Marcos Ki Hyung Lee (Work Log)

Revision as of 15:03, 5 July 2018 by Ed (talk | contribs)
Jump to navigation Jump to search

Summer 2018

Notes from Ed

Please build and link to a project page for the STATA analysis!

Also, if/when you make changes to a sql file, please:

  1. Run them through or make it clear that you haven't with comments
  2. Let me know by posting it on a project page and linking to in your work log.

Otherwise, we are both going to be making conflicting changes to the same files.

By Date


Rework data analysis following suggestions from Egan and Fox.


Worked with regressions and made log files with summary statistics and outputs.

Had Skype meetings with Ed Egan and Jeremy Fox.


Picked relevant variables and started thinking of some regression specifications.


Studied the SQL code that creates the variables synsumprevsameindu100 synsumprevsameindu20 synsumprevsameindu synsumprevsamesector synnumprevportcos syntotsameindu100 syntotsameindu20 syntotsameindu syntotsamesector (and also the non synthetic ones).

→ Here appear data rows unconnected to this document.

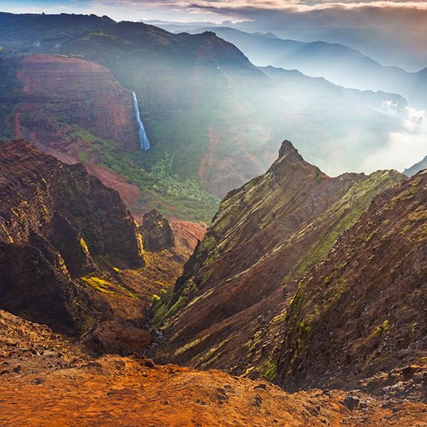 See Waimea Canyon. The “Grand Canyon of the Pacific” does not fall short of its title. It is rugged and red with an expanse that is 3600 feet deep and 14 miles long!
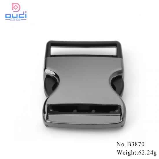 Half zinc alloy +half plastic side release buckle are with more competitive price than full zinc alloy buckle , with its lighter weight , but very good tensile and lock function . they are oftenly used on bag straps ,backpack belts and luggage bags .
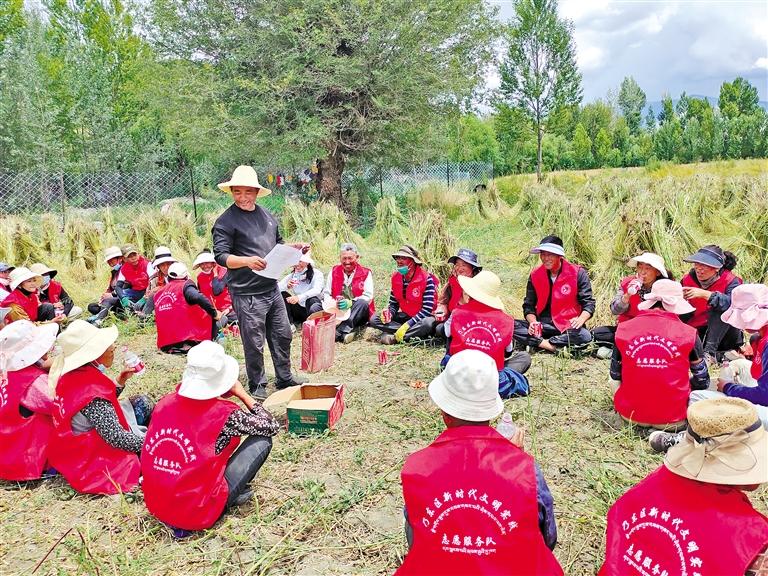 圖為乃東區(qū)新時代文明實踐志愿服務隊在田間地頭學習強農(nóng)惠農(nóng)政策。記者 劉楓 攝

Found some problems with the nonsynthetic ones, with some double counting when VCS met with more than portco on the same day AND the portcos had the same industry code. The code subtracts 1 from the sum of dummies that indicate same industry code, but in these instances, they should be subctrating more.

Also, the synthetic counterparts have weird values. The historical ones (previous from meeting the portco) are mostly 0 or -1, while all-time have lots of missings. Initially I thought it was an error from the code, but after thinking about this, I think it is a feature of the randomization. To correct the negative numbers, I think we should not subtract 1 from the sum of dummies. We did that to account for the repeated portcos that showed up in the blowout table, but now these repetitions don't happen, since we are joining a table with synthetic matches with real matches.


Plans for today: try to fix dataset.

Found more errors in matched dataset. Synthetic firms variables seem to be wrong, as there are negative numbers and lots of missings.

Also, variables form matched firms like number of people, doctors, etc, and city name, are missing seemingly at random.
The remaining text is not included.